Return each record word for word, keeping none of its pictures.

• • • • •

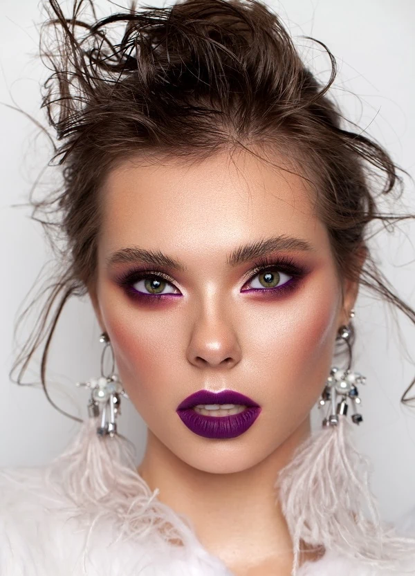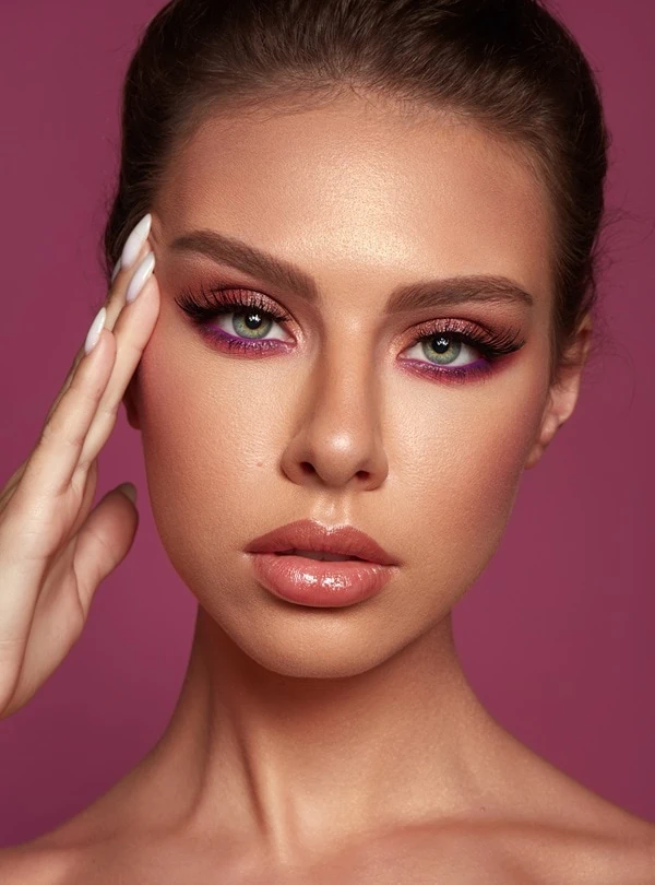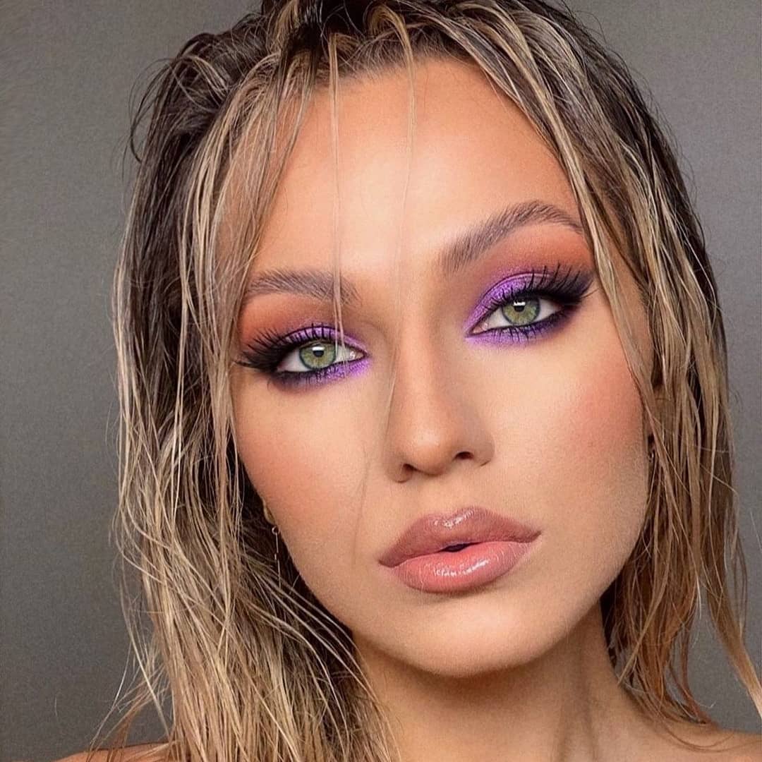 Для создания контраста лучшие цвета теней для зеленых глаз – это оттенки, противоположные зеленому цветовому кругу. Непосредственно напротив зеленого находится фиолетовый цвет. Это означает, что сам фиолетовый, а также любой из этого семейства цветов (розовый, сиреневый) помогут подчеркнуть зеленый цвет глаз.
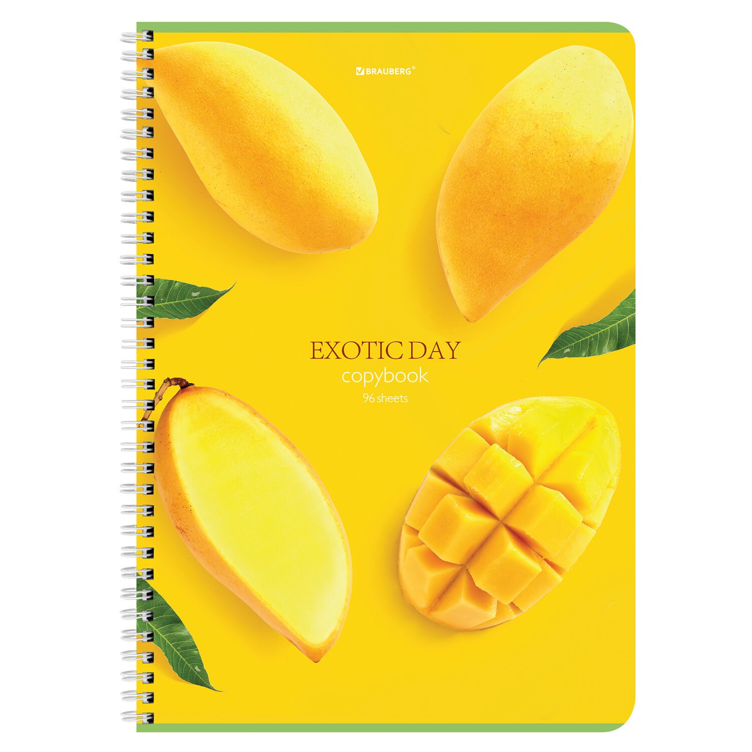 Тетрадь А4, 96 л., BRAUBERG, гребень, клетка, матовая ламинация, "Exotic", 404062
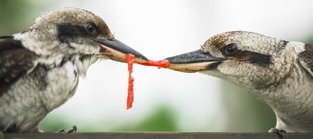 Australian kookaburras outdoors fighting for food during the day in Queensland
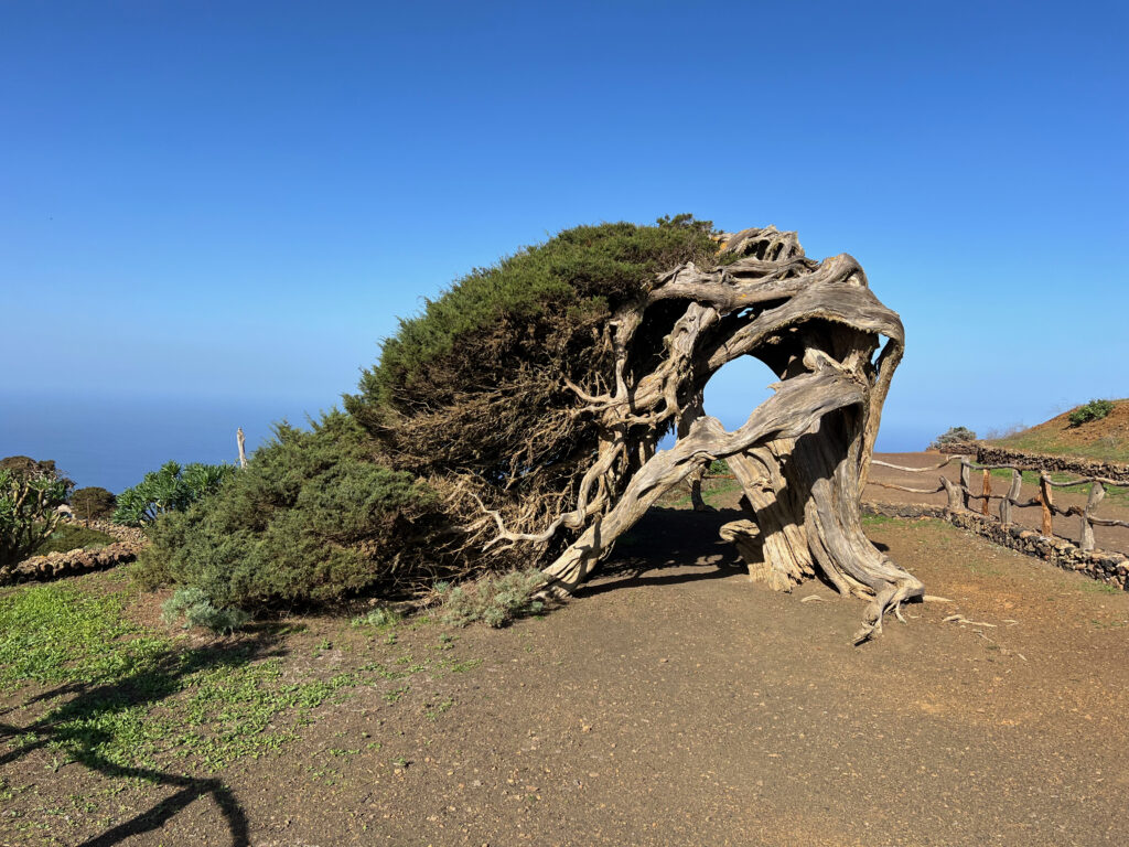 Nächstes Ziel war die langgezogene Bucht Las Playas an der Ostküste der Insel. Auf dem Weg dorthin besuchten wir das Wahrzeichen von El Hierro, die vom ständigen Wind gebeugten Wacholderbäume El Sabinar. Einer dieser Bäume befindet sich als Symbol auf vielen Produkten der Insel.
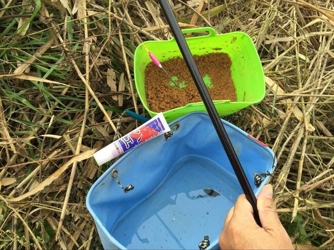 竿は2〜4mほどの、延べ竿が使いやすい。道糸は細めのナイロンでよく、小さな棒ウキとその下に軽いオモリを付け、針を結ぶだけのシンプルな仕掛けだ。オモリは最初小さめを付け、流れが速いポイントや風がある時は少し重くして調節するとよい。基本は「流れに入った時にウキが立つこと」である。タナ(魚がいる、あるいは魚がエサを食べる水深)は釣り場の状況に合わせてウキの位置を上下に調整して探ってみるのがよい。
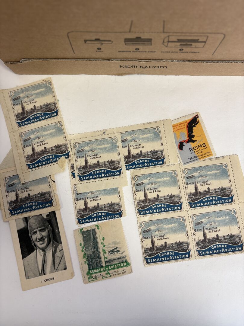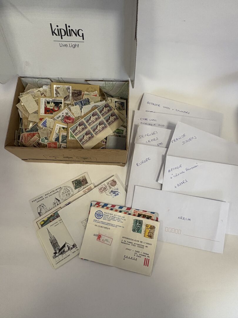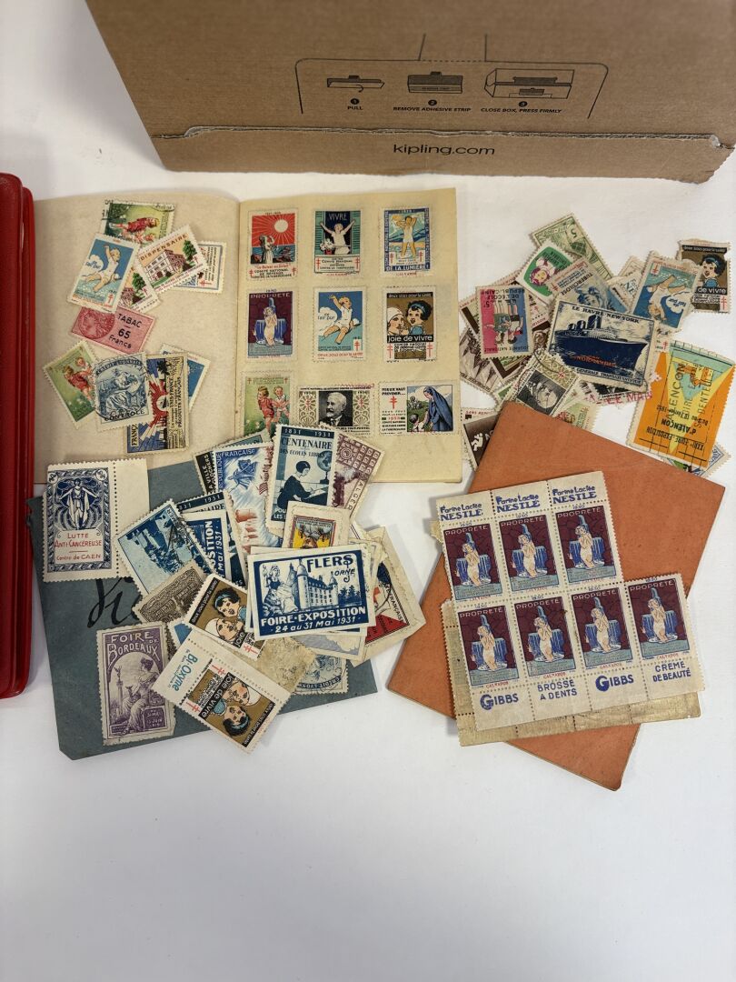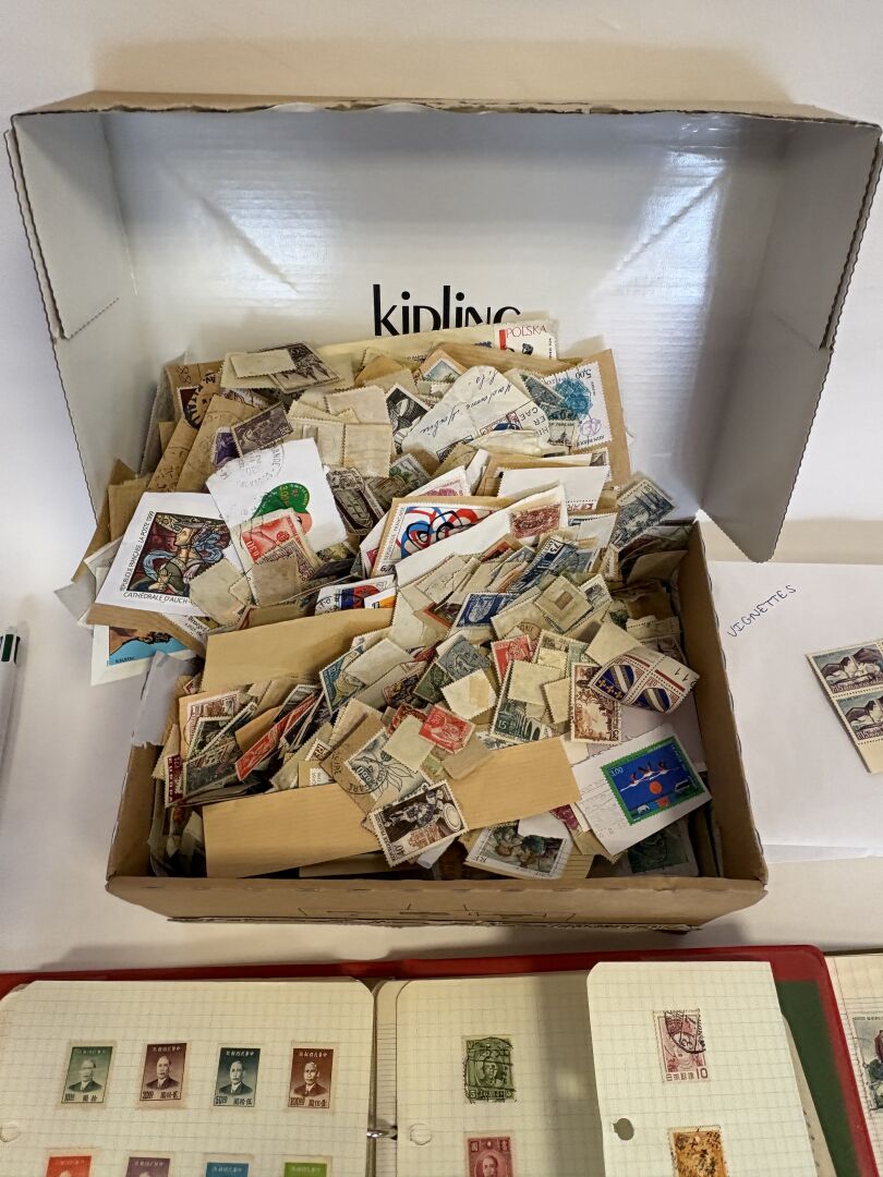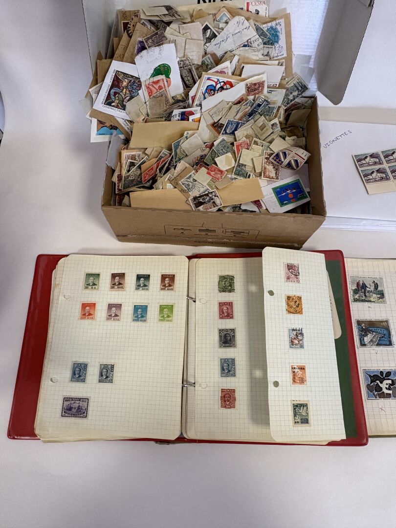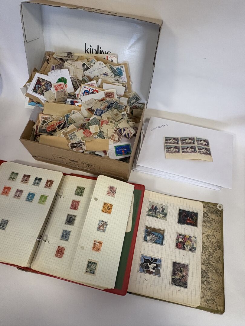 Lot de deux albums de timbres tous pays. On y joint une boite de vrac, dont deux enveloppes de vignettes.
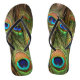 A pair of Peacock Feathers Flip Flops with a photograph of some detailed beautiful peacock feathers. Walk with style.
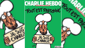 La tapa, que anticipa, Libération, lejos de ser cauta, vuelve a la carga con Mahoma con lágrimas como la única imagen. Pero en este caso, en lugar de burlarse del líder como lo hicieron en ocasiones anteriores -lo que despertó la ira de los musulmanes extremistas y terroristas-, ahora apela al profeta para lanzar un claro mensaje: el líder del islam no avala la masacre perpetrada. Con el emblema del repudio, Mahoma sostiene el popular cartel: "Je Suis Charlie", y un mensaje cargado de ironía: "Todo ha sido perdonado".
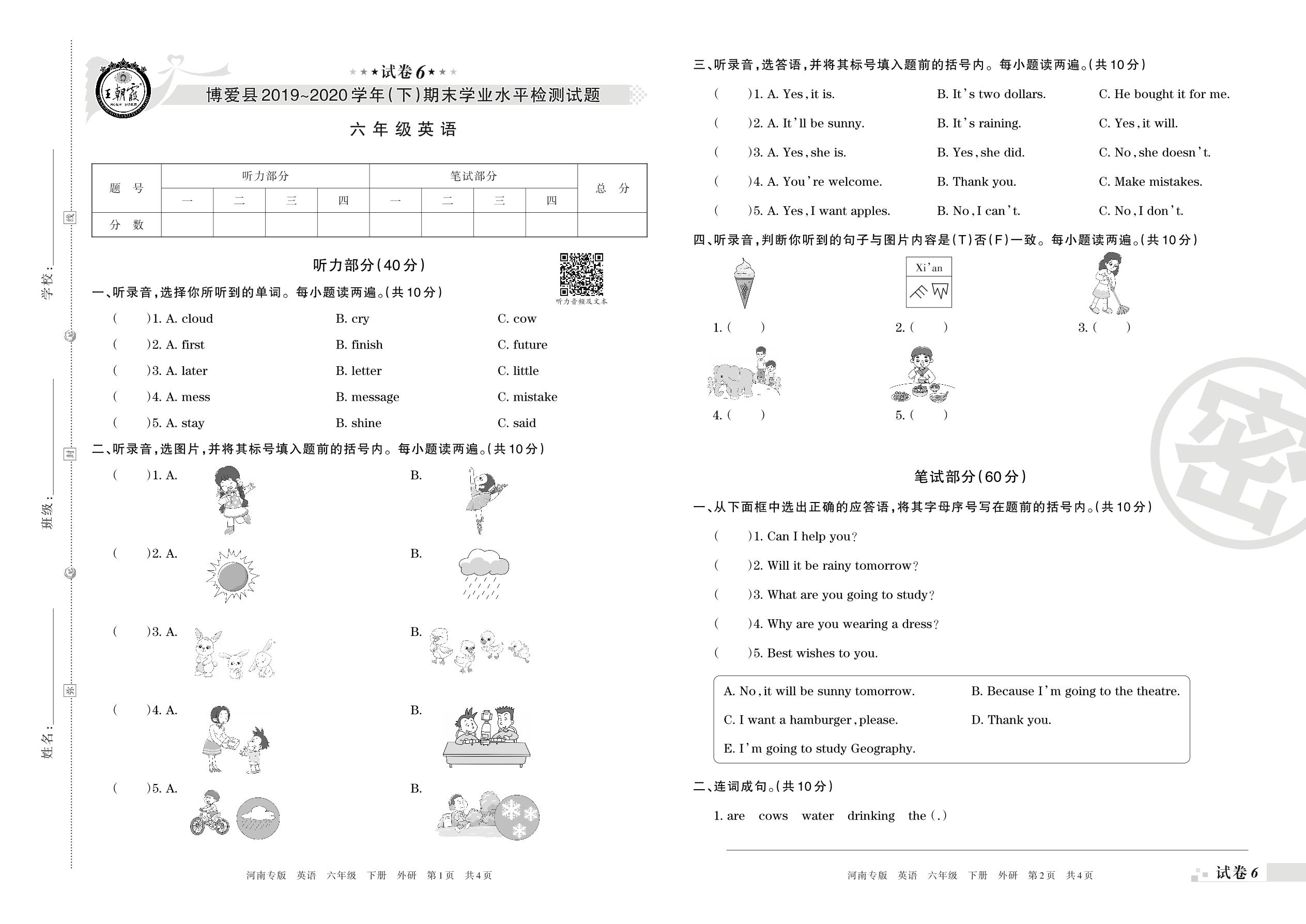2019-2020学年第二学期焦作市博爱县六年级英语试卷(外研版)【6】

• • • • •

ANSWER FOR THIS EXERCISE =
 Для создания контраста лучшие цвета теней для зеленых глаз – это оттенки, противоположные зеленому цветовому кругу. Непосредственно напротив зеленого находится фиолетовый цвет. Это означает, что сам фиолетовый, а также любой из этого семейства цветов (розовый, сиреневый) помогут подчеркнуть зеленый цвет глаз.
 Тетрадь А4, 96 л., BRAUBERG, гребень, клетка, матовая ламинация, "Exotic", 404062
 Australian kookaburras outdoors fighting for food during the day in Queensland
 Nächstes Ziel war die langgezogene Bucht Las Playas an der Ostküste der Insel. Auf dem Weg dorthin besuchten wir das Wahrzeichen von El Hierro, die vom ständigen Wind gebeugten Wacholderbäume El Sabinar. Einer dieser Bäume befindet sich als Symbol auf vielen Produkten der Insel.
 竿は2〜4mほどの、延べ竿が使いやすい。道糸は細めのナイロンでよく、小さな棒ウキとその下に軽いオモリを付け、針を結ぶだけのシンプルな仕掛けだ。オモリは最初小さめを付け、流れが速いポイントや風がある時は少し重くして調節するとよい。基本は「流れに入った時にウキが立つこと」である。タナ(魚がいる、あるいは魚がエサを食べる水深)は釣り場の状況に合わせてウキの位置を上下に調整して探ってみるのがよい。
 Lot de deux albums de timbres tous pays. On y joint une boite de vrac, dont deux enveloppes de vignettes.
 A pair of Peacock Feathers Flip Flops with a photograph of some detailed beautiful peacock feathers. Walk with style.
 La tapa, que anticipa, Libération, lejos de ser cauta, vuelve a la carga con Mahoma con lágrimas como la única imagen. Pero en este caso, en lugar de burlarse del líder como lo hicieron en ocasiones anteriores -lo que despertó la ira de los musulmanes extremistas y terroristas-, ahora apela al profeta para lanzar un claro mensaje: el líder del islam no avala la masacre perpetrada. Con el emblema del repudio, Mahoma sostiene el popular cartel: "Je Suis Charlie", y un mensaje cargado de ironía: "Todo ha sido perdonado".
2019-2020学年第二学期焦作市博爱县六年级英语试卷(外研版)【6】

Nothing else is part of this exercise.